Make SURE that you've run `set_filters.sh` at the project base. This will make sure that you don't accidentally commit any `ipynb` output fields into the repository. You can check to make sure the filters are working by running `git diff` on any notebook file that has output in it: all `output` and `metadata` fields should remain blank.

# Creating a Pull Request

These instructions generally apply to [Autodesk/molecular-design-toolkit](https://github.com/Autodesk/molecular-design-toolkit),
[Autodesk/py-cloud-compute-cannon](https://github.com/Autodesk/py-cloud-compute-cannon), and [Autodesk/notebook-molecular-visualization](https://github.com/Autodesk/notebook-molecular-visualization).

This is only for project maintainers - everyone else should use PRs.
1. Group all changes in a single branch.
1. Run tests in `moldesign/_tests` with `py.test -n NCORES` where `NCORES` is the number of jobs to run simultanously.
2. Create a pull-request for the appropriate branch in Autodesk/molecular-design-toolkit


# Maintainers: Accepting a PR

Work can be merged into `master` or a feature branch, as appropriate.

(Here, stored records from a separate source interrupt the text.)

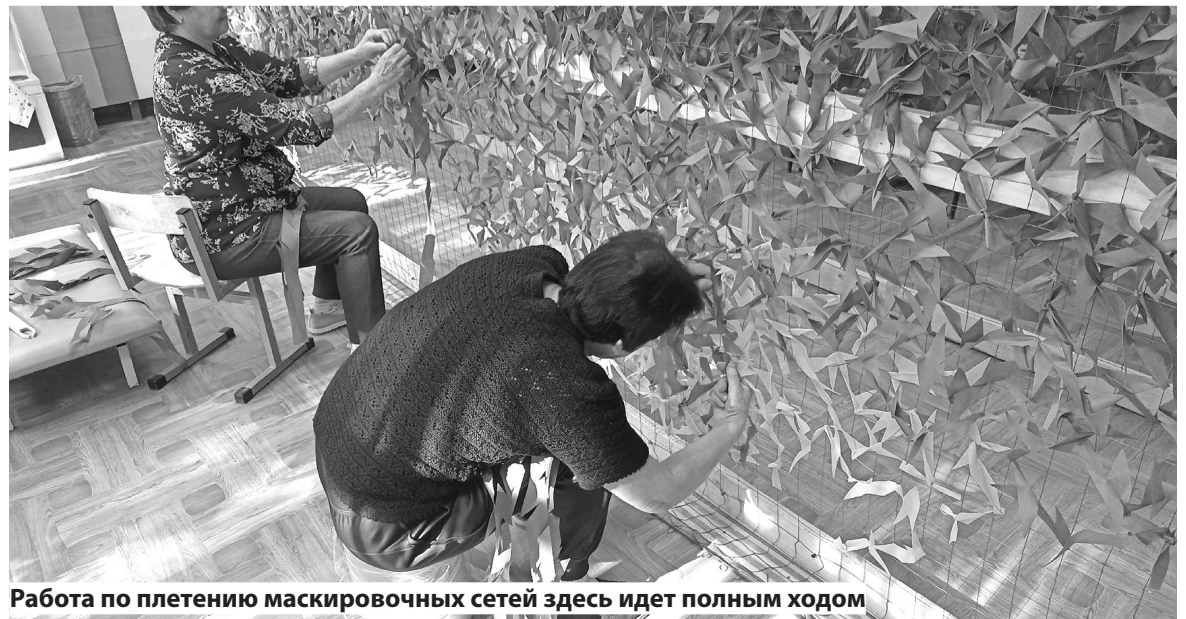
Работа по плетению маскировочных сетей здесь идет полным ходом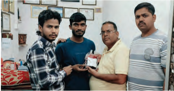
अस्पताल परिसर में डोनर के साथ समिति के लोग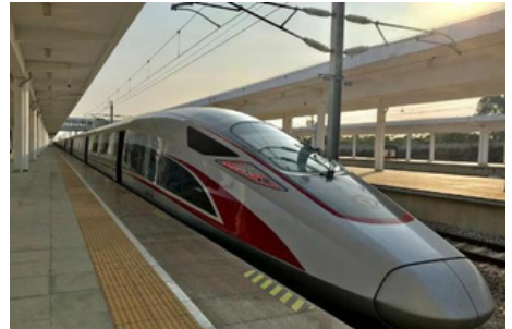
Tren de alta velocidad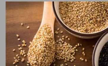
10 – Sésame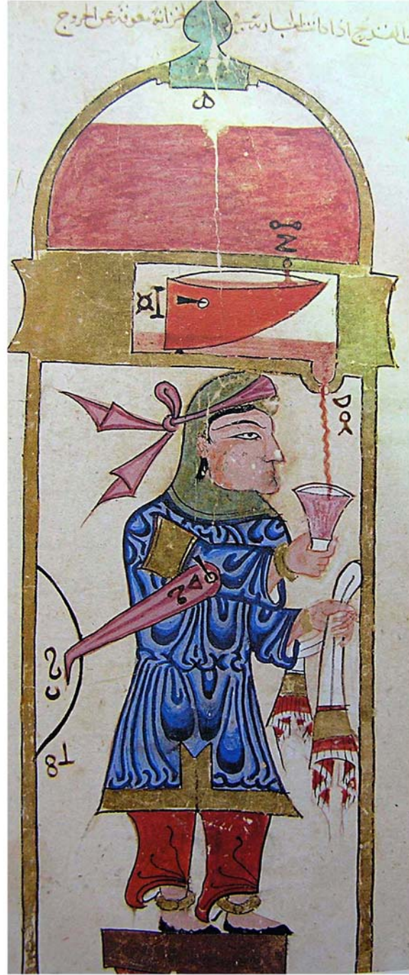
Resim 2: Otomatik içki ikram cihazı, Kitâbü'l fî Ma'rifet el-Hıyal el-Hendesiya, TSMK, H. 414, y. 106b. ( Çağlarboyu Anadolu'da Kadın, Anadolu Kadınının 9000 Yılı , haz. Selmin Kangal, Nurhan Turan, İstanbul, 1993, s. 258).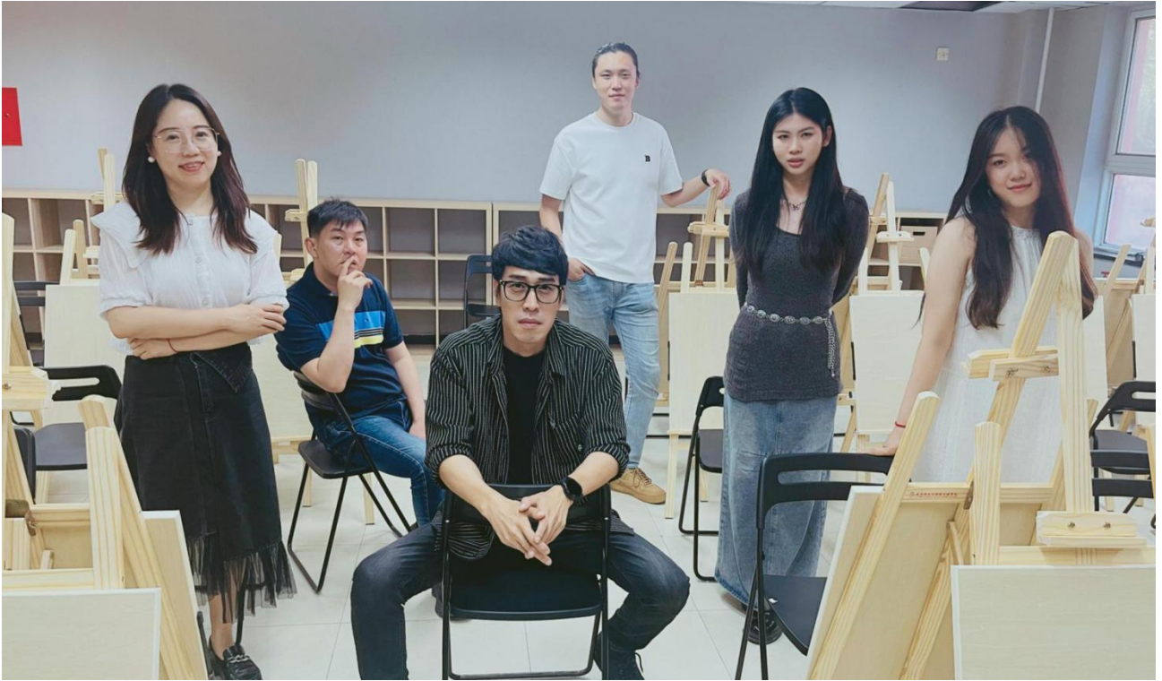
▲图 17 专家参与人才培养方案建设：艺术创作人才参与人才培养制定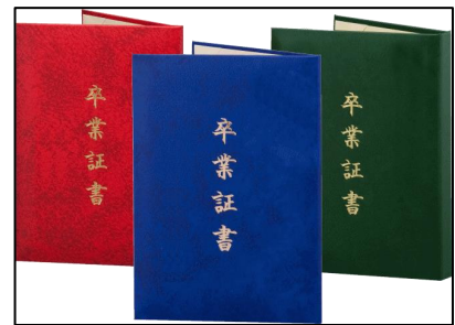
○卒業証書フォルダ贈呈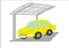
カーポートを設置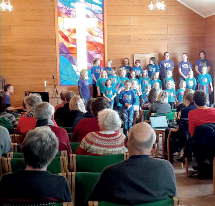
Over 100 mennesker deltok på gudstjenesten 11. mars.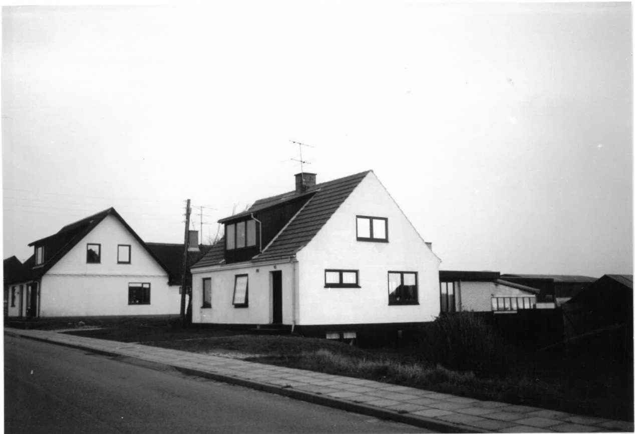
Huset paa matr. nr. 35a i 1984.

Don't merge broken code
into master, but it doesn't need to be totally production-ready either: only releases (below)
are considered "stable".

1. Review the code.
1. Make sure that there's appropriate functional tests.
1. Run all tests. They don't all *necessarily* need to pass, but you need to undertand why what's passing and what's not.
1. Run any example notebooks that might be affected by the PR.


# Maintainers: Creating a new release

Decide on the new version number (using [semantic versioning](http://semver.org/)).

Everything here is HIGHLY PRELIMINARY!!! This will be a lot easier once Travis/Jenkins is up.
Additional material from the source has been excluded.